This is when loyalty schemes work. I do my shop, and Waitrose gives me a free coffee. It’s a tangible, predictable reward.

Contrast that with Pret, who allow their staff to randomly give one free coffee a day to someone who makes them smile. Random rewards are addictive. You’ll know this if you’ve ever played Fortnite, or opened a mystery box in Fifa.

McDonald’s knows that combining predictability and randomness is the key to a successful loyalty scheme. Their new points-based scheme offers tangible, predictable money-off rewards. And their promotions, like the unbelievably successful Monopoly promotion, offer unpredictability.

Is it going to help consumers manage the cost-of-living crisis? No. They’ve got low prices for that. Will it make them love the brand a bit more during incredibly difficult times? Most definitely.

Since dropping the free coffee scheme, Waitrose has lost market share.

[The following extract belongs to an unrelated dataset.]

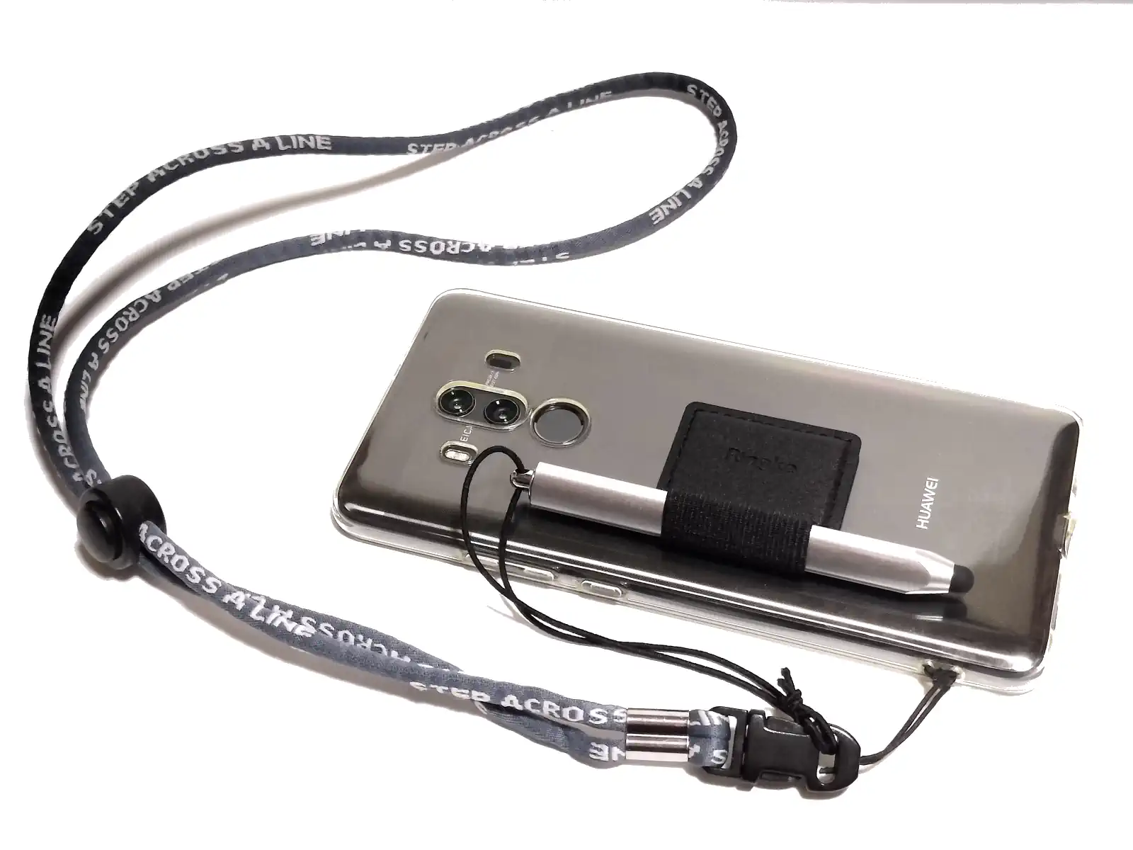 私は従来、スマホとタッチペンをいっしょにネックストラップにぶら下げていました。同様の工夫をしている人は多いはず。この方法だと、胸ポケットに出し入れするときタッチペンが引っかかって邪魔なんですよね。
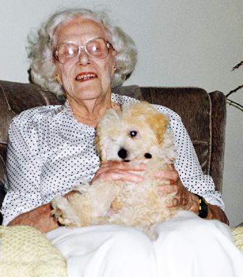 This was when she started to worry about being alone. I suggested we get her a dog since Mother has had them all of her life. She believes when she dies she'll again see all her pup friends. (Mother could be right and God'll have to give her a fair-sized yard in heaven.)

They’re planning on bringing it back.

Charlene Charity, head of strategy, Digitas

Given the predicted hardship, although many brands are hoping loyalty schemes will secure a share of shrinking wallets, this will only be the case if brands:

Know their customers: Understand the impact of cost of living on their audiences and what levers they need to pull to keep them coming back. For Tesco and McDonald's, the significantly reduced 'Club Card' price and the McDonald's points equals 'free food' value exchanges are relevant and attractive to their customer base. Similar approaches wouldn't be as successful for higher-end and luxury brand consumers, who react better to personalised and exclusive experiences.

Know what they stand for: Brands need to be clear on where they sit in a time of hardship. At Digitas, we use frameworks to ensure that brands are perceived in the right way, as well as understanding how different consumers will react to your brand in difficult times and what you need to do in return.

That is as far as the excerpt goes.